Kling accepted responsibility for losing investors’ money, tweeting, “It was entirely my fault and not anyone else’s. I lost my investors’ money after they put faith in me to manage risk and I am truly sorry for that. I have publicly endorsed FTX many times and I am truly sorry for that. I was wrong.”
However, Kling also railed against the sociopaths, bad actors, and lack of accountability in the crypto space.
“It’s obvious now that the space has not done enough to identify and expel bad actors. We’re letting way too many sociopaths get way too powerful and then we all pay the price. If Ikigai continues on, we pledge to fight harder in this regard. It’s a fight worth fighting.”
Many industry participants have shown support to the Ikigai team, Blockworks reported.

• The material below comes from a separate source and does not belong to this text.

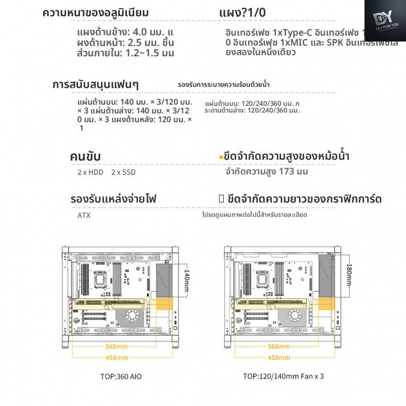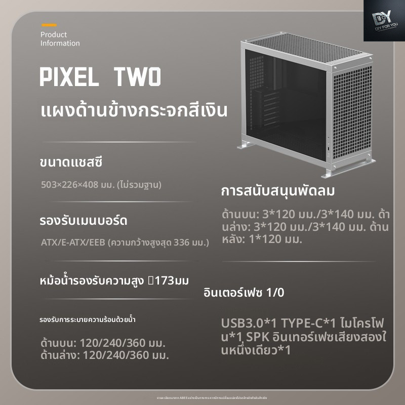 Dfy CASE PC (เคสพีซี) E-ATX ABEE PIXEL TWO อลูมิเนียมด้านข้างแผงแชสซี Dual 360 Cold Row รองรับ E-ATX, EEB เมนบอร์ด

David Packham, co-founder and CEO at ChintaiNetworkresponded to Kling in a tweet: “Your only real mistake was trusting a firm backed by huge funds and regulated in a region was not a fundamental dishonest bad actor committing mass fraud.”

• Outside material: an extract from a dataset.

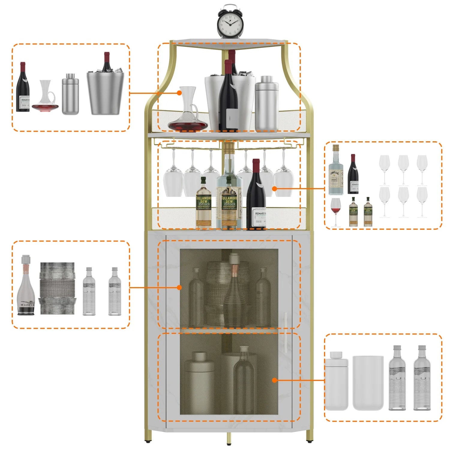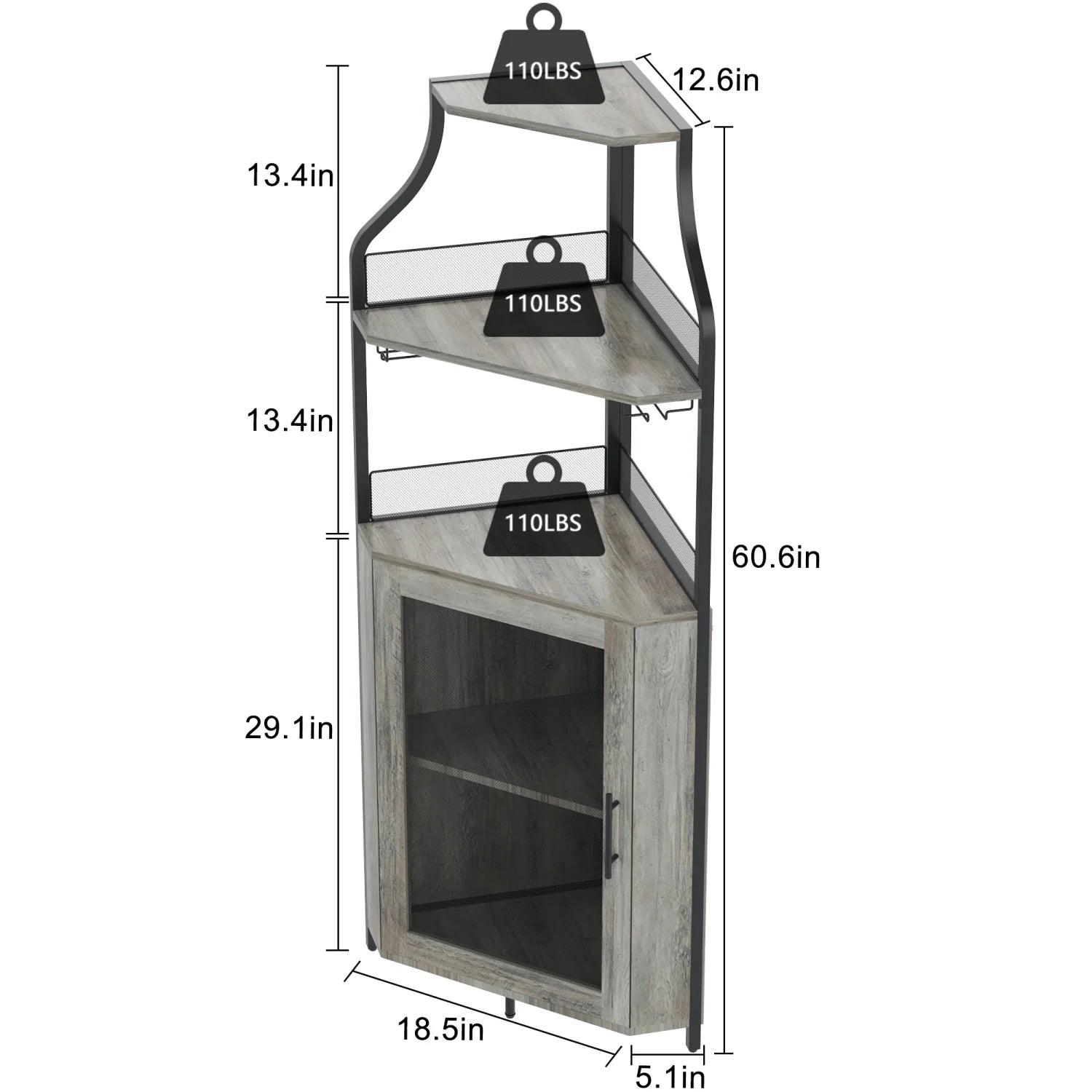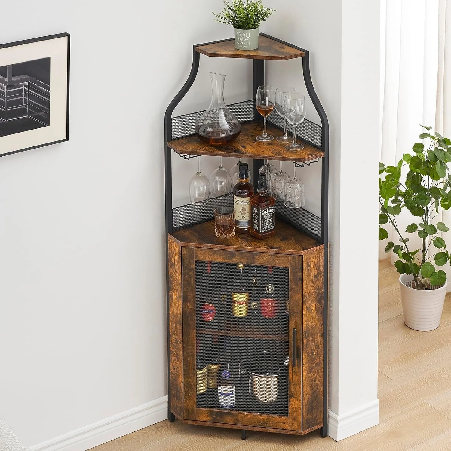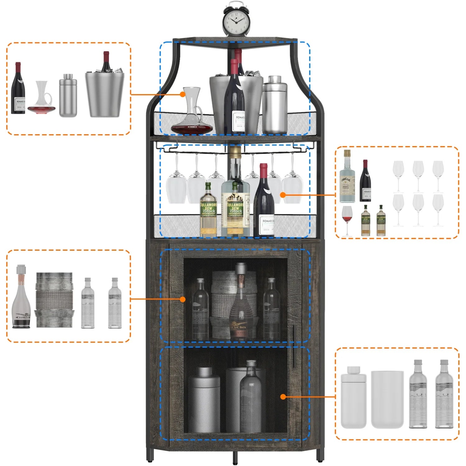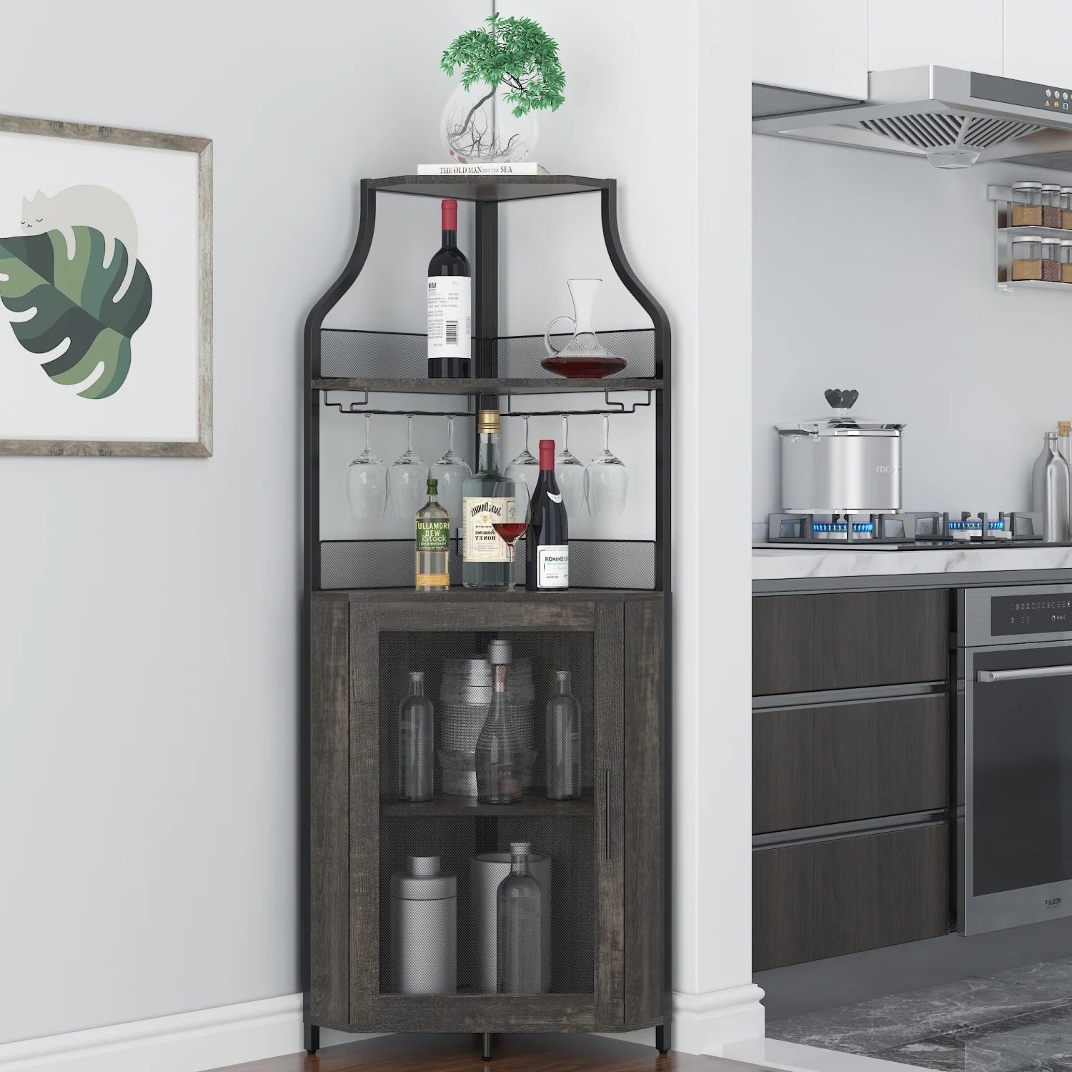 Corner Wine Cabinet with Detachable Rack Bar Barn Door

Others were less sympathetic. United4USMNT tweeted, “You shouldn’t receive one dime. You opted to put your money in an unregulated entity. Sorry boo. That is the game you play. Crypto geniuses espoused the brilliance of no regulation. Well, you get to downsides too.”
The Ikigai hedge fund is deciding whether to continue running the firm or begin winding down operations, Kling said. There is no timeline for potential recovery of funds.
Kling tweeted about the scope of the fraud and his disappointment in the industry, saying it’s “hard for me to imagine the space bouncing back quickly from this ordeal.”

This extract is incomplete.